## Your assignment
Within the records that follow, restate exactly the lines from the line with "На Придніпровському напрямку" down to the line with "The employ of", including both. Omit the pictures.

## Records for processing
━━━━━━━━━━━━━━━━━━━━
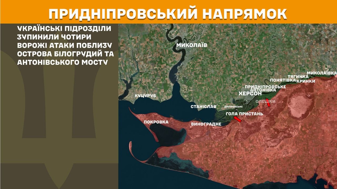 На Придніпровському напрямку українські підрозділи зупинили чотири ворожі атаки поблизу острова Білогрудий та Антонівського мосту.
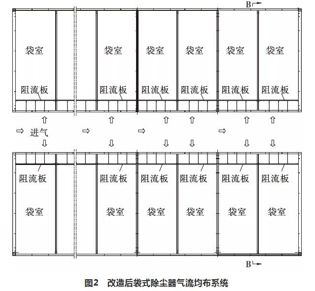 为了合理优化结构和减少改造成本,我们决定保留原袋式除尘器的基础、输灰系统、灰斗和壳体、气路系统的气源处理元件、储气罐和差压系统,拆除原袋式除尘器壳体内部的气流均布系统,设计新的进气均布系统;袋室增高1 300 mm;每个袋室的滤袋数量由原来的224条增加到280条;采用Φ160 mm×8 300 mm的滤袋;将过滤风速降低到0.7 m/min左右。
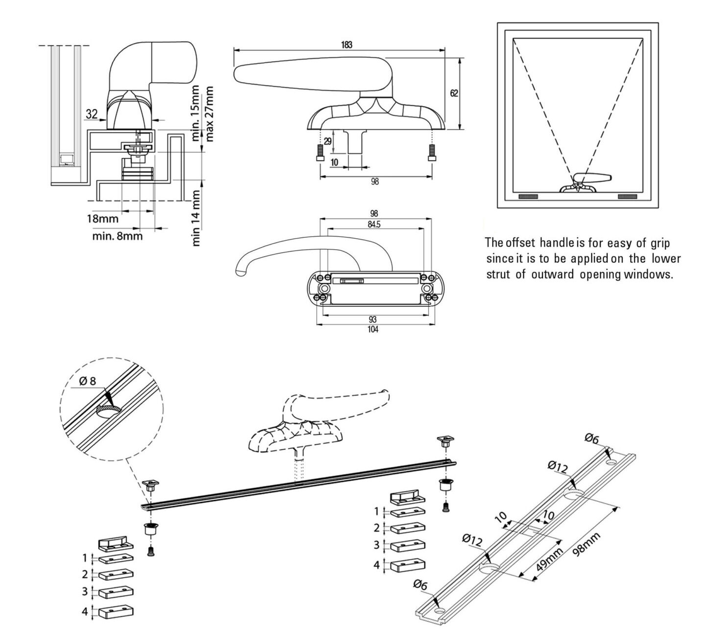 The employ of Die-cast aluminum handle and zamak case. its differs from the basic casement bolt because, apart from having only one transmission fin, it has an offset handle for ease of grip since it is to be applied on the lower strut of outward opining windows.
━━━━━━━━━━━━━━━━━━━━
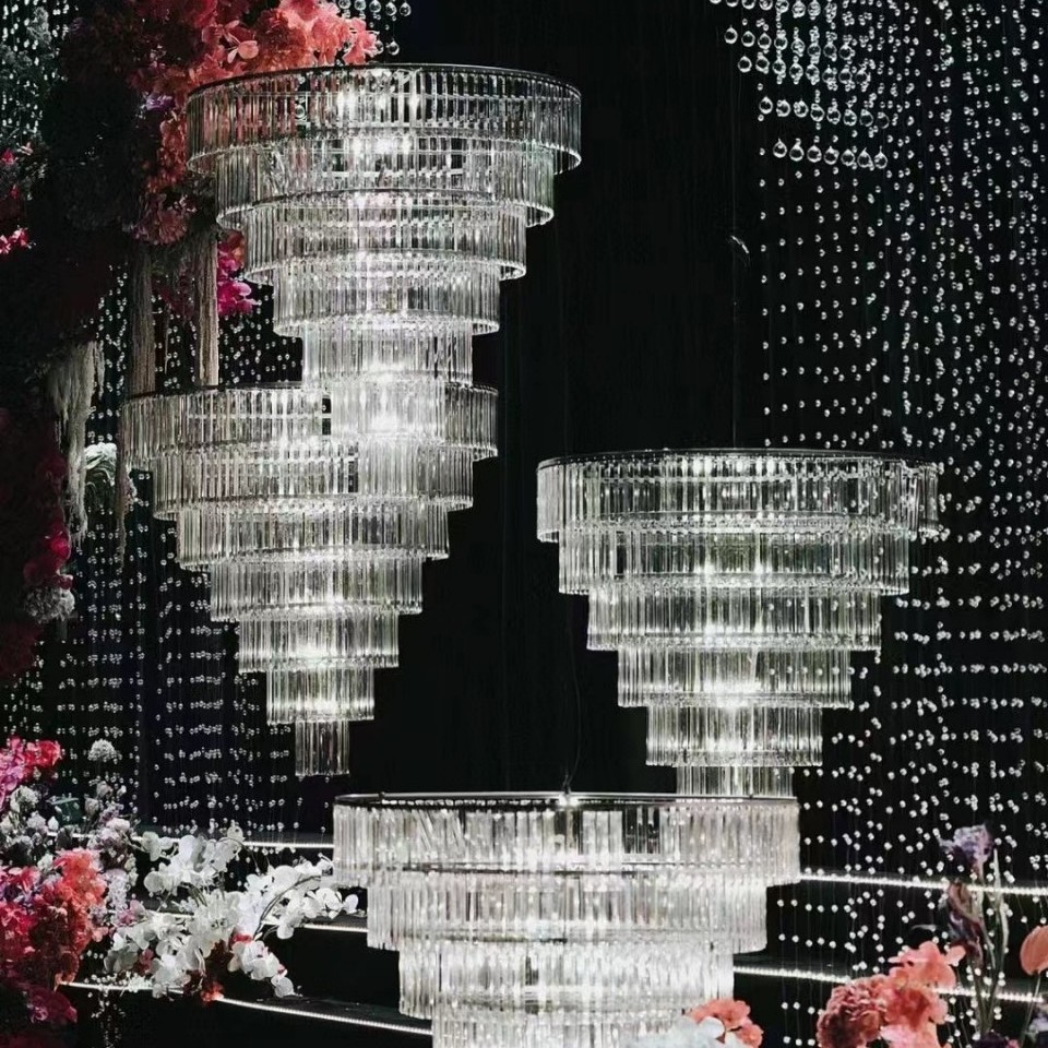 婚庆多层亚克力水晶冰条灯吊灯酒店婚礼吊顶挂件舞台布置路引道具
━━━━━━━━━━━━━━━━━━━━
## Written response
 На Придніпровському напрямку українські підрозділи зупинили чотири ворожі атаки поблизу острова Білогрудий та Антонівського мосту.
 为了合理优化结构和减少改造成本,我们决定保留原袋式除尘器的基础、输灰系统、灰斗和壳体、气路系统的气源处理元件、储气罐和差压系统,拆除原袋式除尘器壳体内部的气流均布系统,设计新的进气均布系统;袋室增高1 300 mm;每个袋室的滤袋数量由原来的224条增加到280条;采用Φ160 mm×8 300 mm的滤袋;将过滤风速降低到0.7 m/min左右。
 The employ of Die-cast aluminum handle and zamak case. its differs from the basic casement bolt because, apart from having only one transmission fin, it has an offset handle for ease of grip since it is to be applied on the lower strut of outward opining windows.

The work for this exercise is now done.